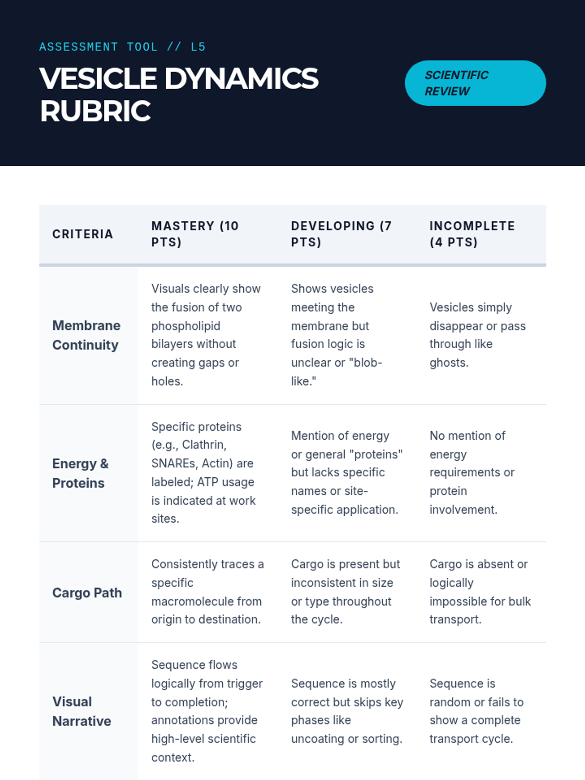 Students synthesize their learning by critiquing biological depictions in media and creating their own dynamic storyboard or animation of vesicle cycles.
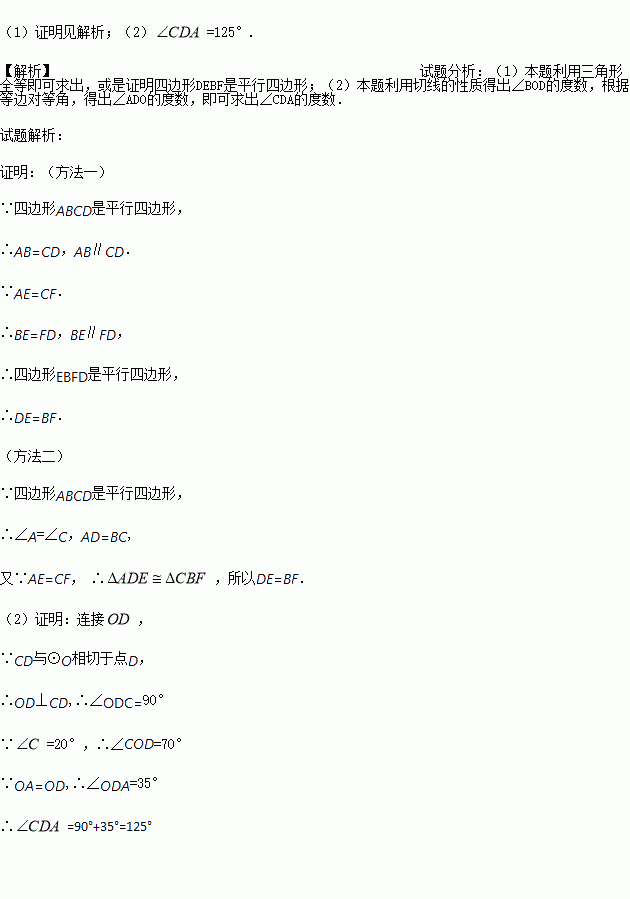 (1)如图,在平行四边形ABCD中,已知点E在AB上,点F在CD上,且AE=CF.
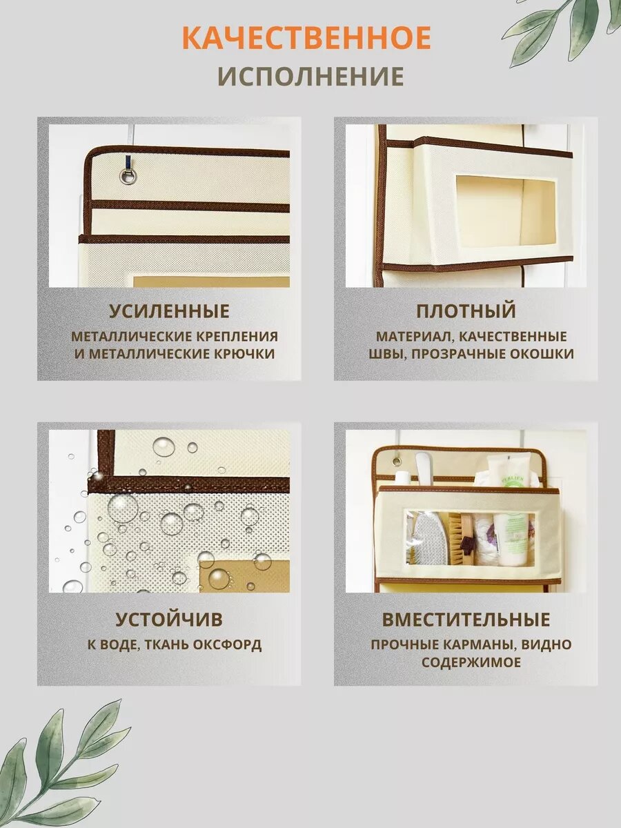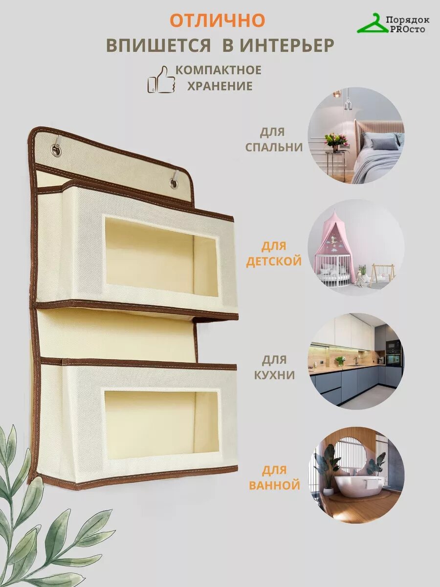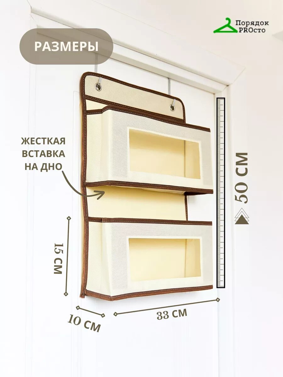 Органайзер Порядок PROсто, подвесной, для мелочей, с карманами, прямоугольный, бежевый/коричневый 1 550 ₽
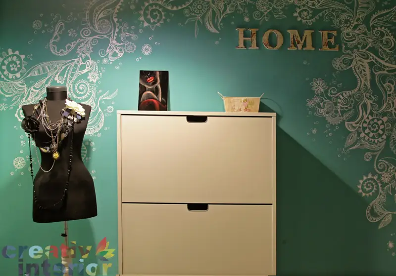 Cuplul si-a dorit un perete turcoaz fie in living sau in hol. Arhitectii au optat pentru hol. Peretele tucoaz a fost decorat cu o pictura murala deosebita, iar in bucatarie s-a continuat tematica cromatica cu un perete in aceeasi gama coloristica ca in hol si subtil integrata in restul camerelor.
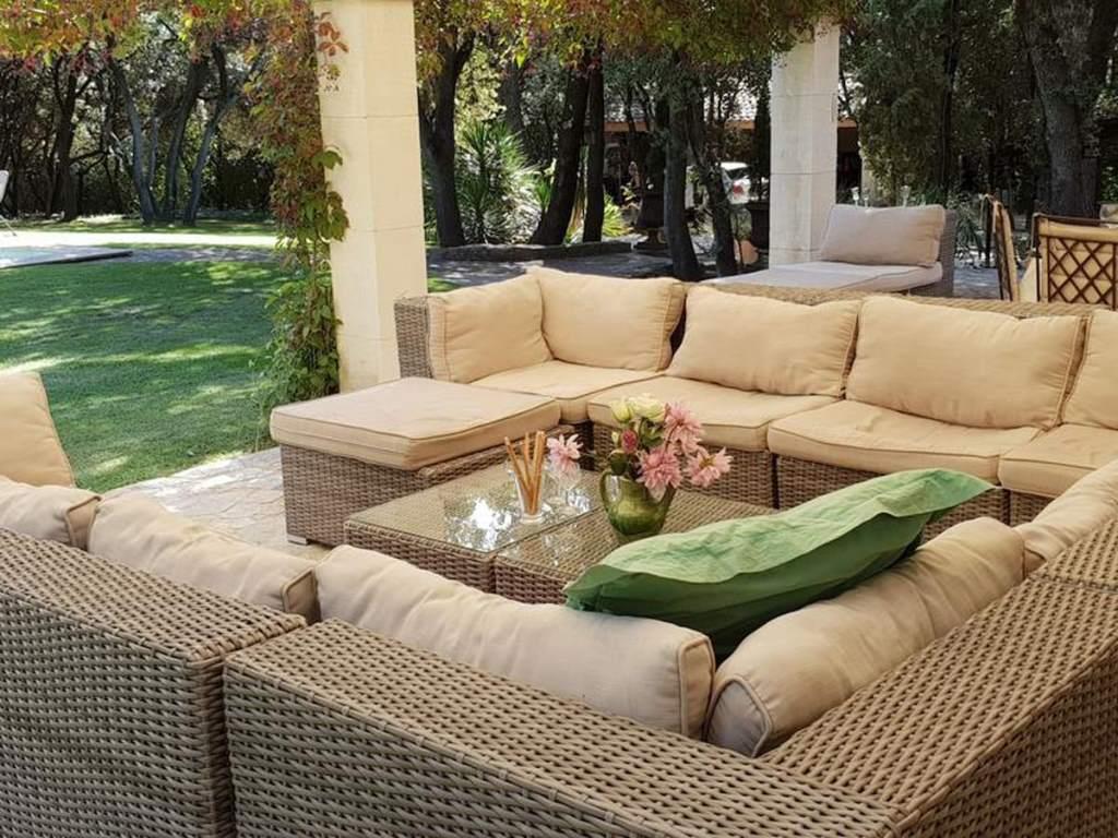 This two-story house is clad in stone, combining Provençal and contemporary decor, and can comfortably accommodate up to 8 people.
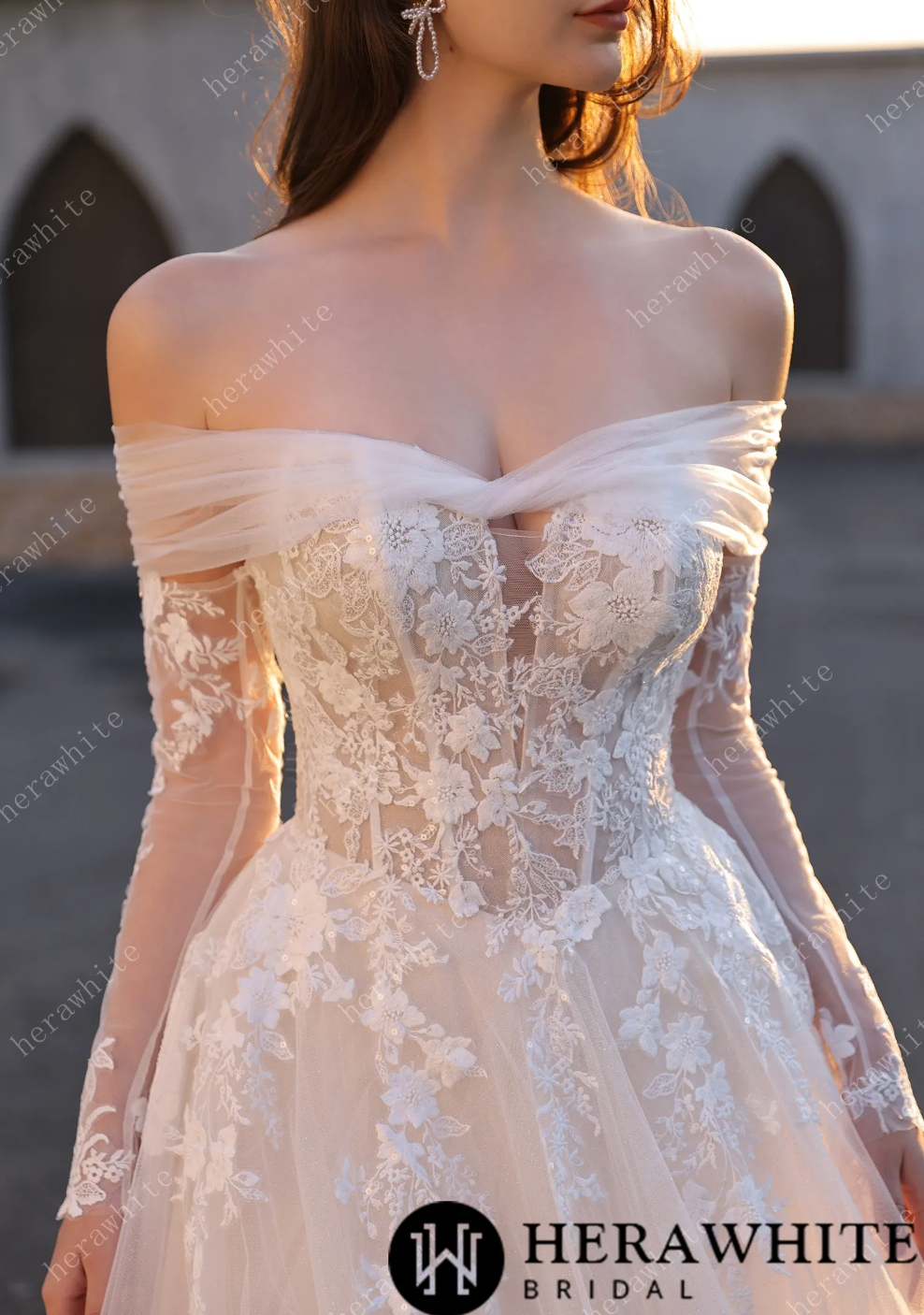 Experimenta la sofisticación de este vestido de novia con hombros descubiertos y una sensual abertura hasta el muslo. Con un estilo ajustado y un elegante drapeado que realza la cintura, este vestido es una versión moderna de la moda nupcial tradicional. Las mangas de encaje transparente aportan un toque delicado y femenino, mientras que la elegante falda fluye con gracia. La cola desmontable, que se vende por separado, ofrece opciones versátiles de estilo y sin duda será un detalle destacado.
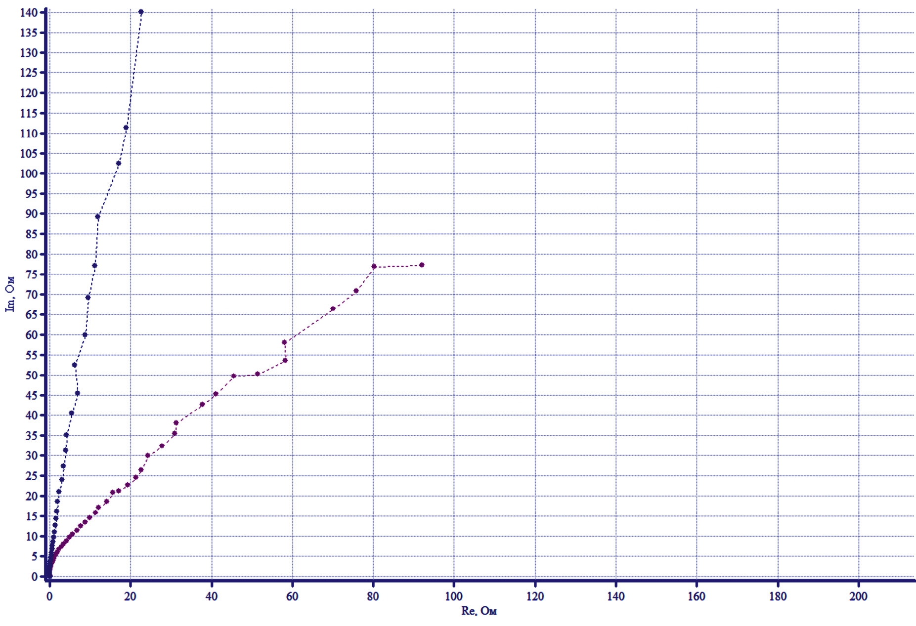 Рис. 10. Диаграмма Найквиста NiFoam/Cu в растворе KOH + этанол при потенциалах: -350 мВ (фиолетовый) и 0 мВ (голубой).

■ **WHAT THE EXERCISE ASKS**:
Each line from the start of the entries above through the line with "(1)如图,在平行四边形AB" should be duplicated exactly, leaving out the pictures.

■ **EXPECTED ANSWER**:
 Students synthesize their learning by critiquing biological depictions in media and creating their own dynamic storyboard or animation of vesicle cycles.
 (1)如图,在平行四边形ABCD中,已知点E在AB上,点F在CD上,且AE=CF.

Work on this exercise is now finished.